## YOUR TASK
Instruction for the data below: set down exactly the lines from the line with "Кастрюлю с соком" to the line with "Кавуновий турмалін –", inclusive, and no others.

## MATERIAL SHOWN
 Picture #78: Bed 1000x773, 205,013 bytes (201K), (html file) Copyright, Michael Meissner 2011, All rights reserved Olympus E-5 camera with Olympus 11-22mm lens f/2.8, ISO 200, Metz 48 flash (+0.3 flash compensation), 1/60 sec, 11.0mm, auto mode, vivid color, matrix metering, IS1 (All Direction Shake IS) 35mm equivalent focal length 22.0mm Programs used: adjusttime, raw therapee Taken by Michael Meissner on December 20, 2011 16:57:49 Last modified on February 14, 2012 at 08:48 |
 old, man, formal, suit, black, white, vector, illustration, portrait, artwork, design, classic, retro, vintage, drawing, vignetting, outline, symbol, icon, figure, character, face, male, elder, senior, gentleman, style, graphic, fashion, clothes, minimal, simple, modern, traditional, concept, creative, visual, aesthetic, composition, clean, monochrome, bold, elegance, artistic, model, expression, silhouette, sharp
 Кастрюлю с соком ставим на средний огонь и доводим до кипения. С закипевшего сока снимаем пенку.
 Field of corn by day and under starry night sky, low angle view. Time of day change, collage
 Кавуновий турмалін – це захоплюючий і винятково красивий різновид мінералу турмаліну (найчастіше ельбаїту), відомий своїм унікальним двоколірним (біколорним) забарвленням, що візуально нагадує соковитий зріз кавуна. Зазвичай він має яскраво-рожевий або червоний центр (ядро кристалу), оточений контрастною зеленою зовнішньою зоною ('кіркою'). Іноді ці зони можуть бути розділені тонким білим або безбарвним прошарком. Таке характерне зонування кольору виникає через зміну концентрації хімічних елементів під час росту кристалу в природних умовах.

==

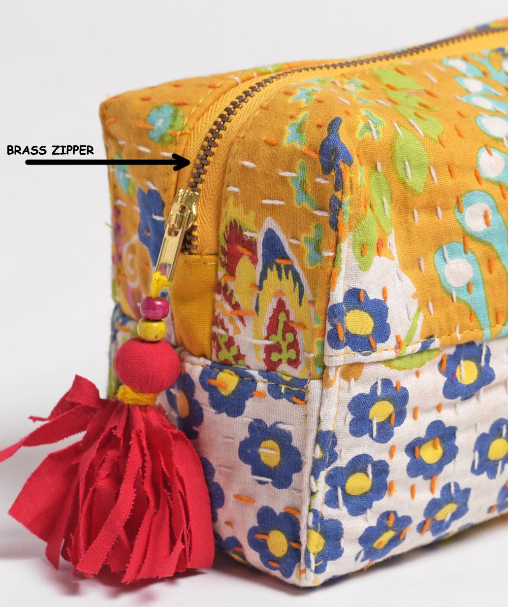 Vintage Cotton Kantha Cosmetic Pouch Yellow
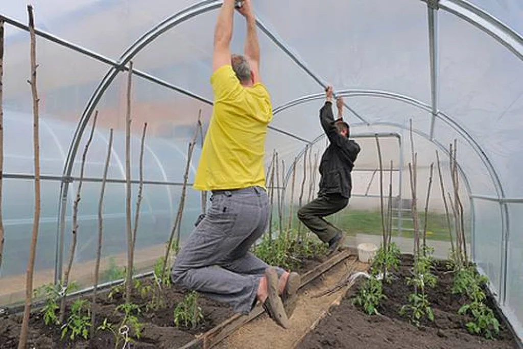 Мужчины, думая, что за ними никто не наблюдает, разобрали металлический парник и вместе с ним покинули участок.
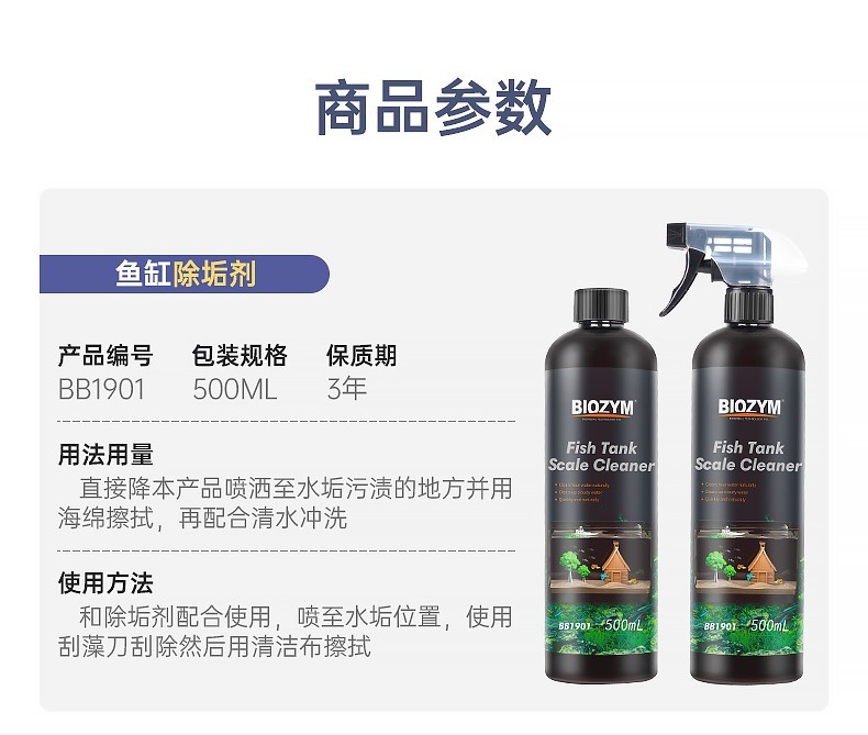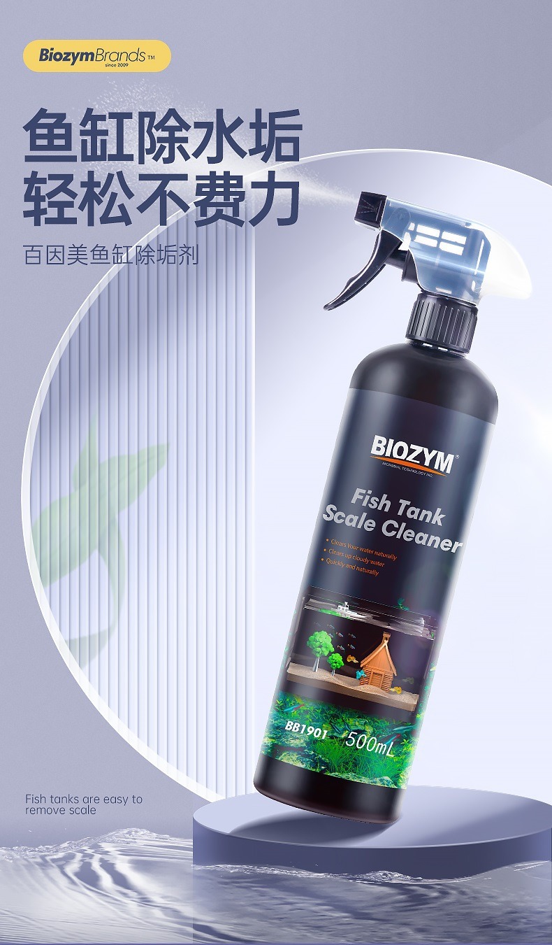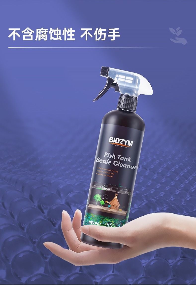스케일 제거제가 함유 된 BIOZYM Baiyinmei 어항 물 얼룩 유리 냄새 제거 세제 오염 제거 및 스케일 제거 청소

## FINISHED TASK
 Кастрюлю с соком ставим на средний огонь и доводим до кипения. С закипевшего сока снимаем пенку.
 Field of corn by day and under starry night sky, low angle view. Time of day change, collage
 Кавуновий турмалін – це захоплюючий і винятково красивий різновид мінералу турмаліну (найчастіше ельбаїту), відомий своїм унікальним двоколірним (біколорним) забарвленням, що візуально нагадує соковитий зріз кавуна. Зазвичай він має яскраво-рожевий або червоний центр (ядро кристалу), оточений контрастною зеленою зовнішньою зоною ('кіркою'). Іноді ці зони можуть бути розділені тонким білим або безбарвним прошарком. Таке характерне зонування кольору виникає через зміну концентрації хімічних елементів під час росту кристалу в природних умовах.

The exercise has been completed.